Implications and Economic Context
The combination of stagnant GDP per capita growth and declining productivity poses serious long-term challenges for Canada’s economy. Without improved productivity growth, workers will likely face continued wage stagnation, and government revenues may not keep pace with spending commitments. This could necessitate either higher taxes or reduced public services.
The economic performance under Liberal leadership has prompted significant political discourse, with the opposition referring to a “lost decade” of economic growth. The Liberal Party, now under the leadership of Mark Carney, has acknowledged these challenges to some degree, with their recent platform emphasizing the need to increase productivity and proposing to separate capital and operating spending to better focus on investments that build economic capacity.
Conclusion
The economic data paints a concerning picture of Canada’s GDP and productivity performance under Liberal leadership since 2015. The period has been characterized by stagnant or declining GDP per capita, widening gaps with the United States and other OECD peers, and deteriorating productivity metrics across multiple sectors of the economy.

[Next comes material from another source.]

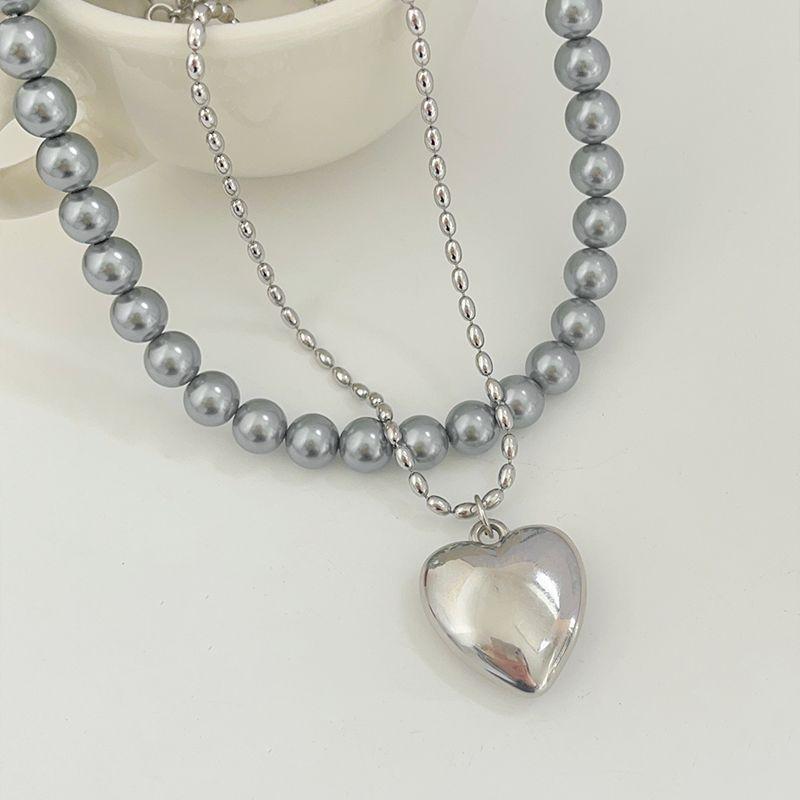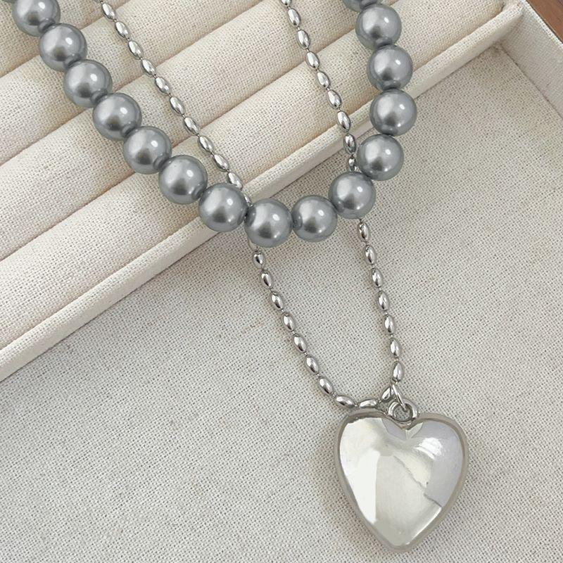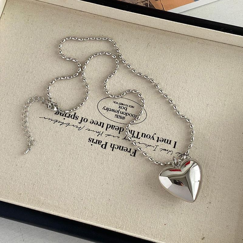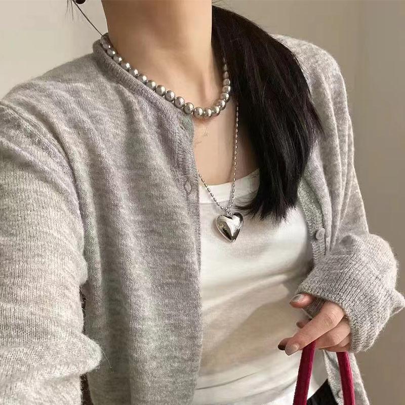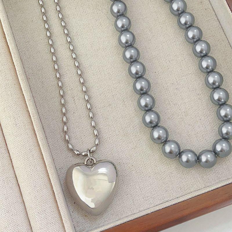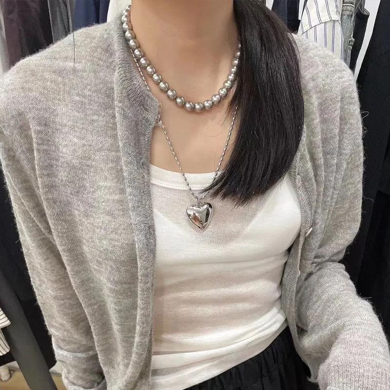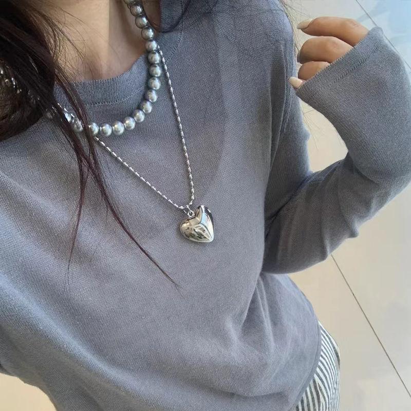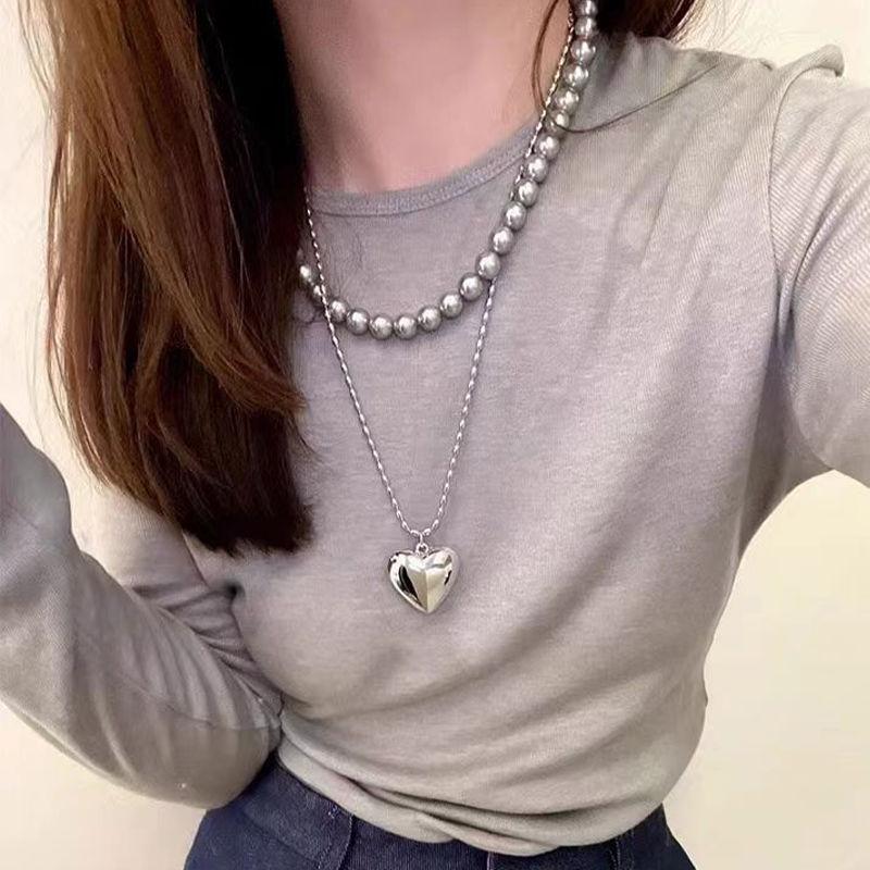 2024 Ins Coreano Simples Grande Pêssego Coração Empilhado Clavícula Cadeia Metal Amor Colar Feminino Prata Versão Longa

As Canada approaches its 2025 federal election, the economic legacy of the past decade has become a central issue in political debates. While there are varying interpretations of the causes behind these trends—ranging from government policy choices to external global factors—the empirical evidence clearly shows that Canada’s economic performance on these key metrics has been subpar during the Liberal government’s tenure. The incoming government, a leader with responsibilities for post financial advising, will face significant challenges in reversing these concerning economic trends that were put into place.